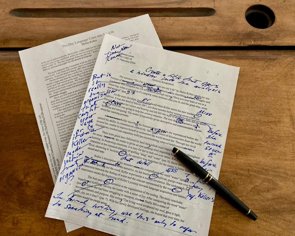 With pen or pencil in hand, read your copy of the student analysis of “The Day Language Came into My Life.” Write notes in the margin and on the text itself, and afterward compose a brief journal entry that addresses both the content and the form of the essay. (Remember that you are not required to complete this exercise until you return to campus after spring break.)
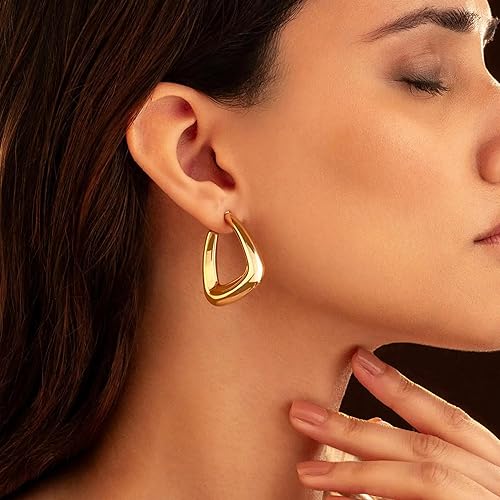 • Statement Earrings for Women: Crafted in a high shine, gold-toned finish, the Salve Jewellery Earrings feature a sleek, triangular silhouette that reimagines the classic hoop with a modern twist.
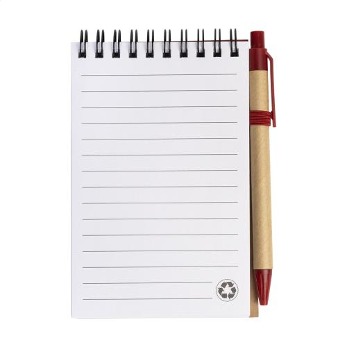 Recycled paper, spiral notebook with 70 lined sheets. With recycled paper ballpoint pen, with blue refill. A6 size.
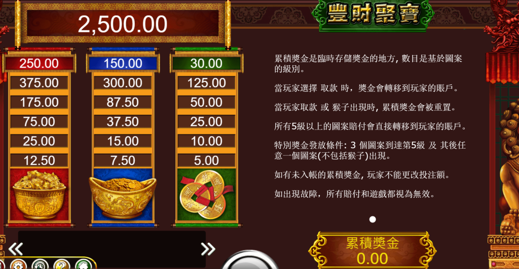 此外,《豐財聚寶》的累積獎金設計層次分明,每個等級的獎金都能讓玩家感到目標明確。例如,當金碗或金元寶圖案達到第五級後,即可觸發令人興奮的高額彩金,最高可達250.00。這種逐步升級的過程,讓玩家始終感到充滿挑戰與期待。

** Task prompt **
Beginning with the line containing "Recycled paper, spiral" and ending with the last line of the data, output those lines exactly and nothing more. Omit every picture.

** Response to the exercise **
 Recycled paper, spiral notebook with 70 lined sheets. With recycled paper ballpoint pen, with blue refill. A6 size.
 此外,《豐財聚寶》的累積獎金設計層次分明,每個等級的獎金都能讓玩家感到目標明確。例如,當金碗或金元寶圖案達到第五級後,即可觸發令人興奮的高額彩金,最高可達250.00。這種逐步升級的過程,讓玩家始終感到充滿挑戰與期待。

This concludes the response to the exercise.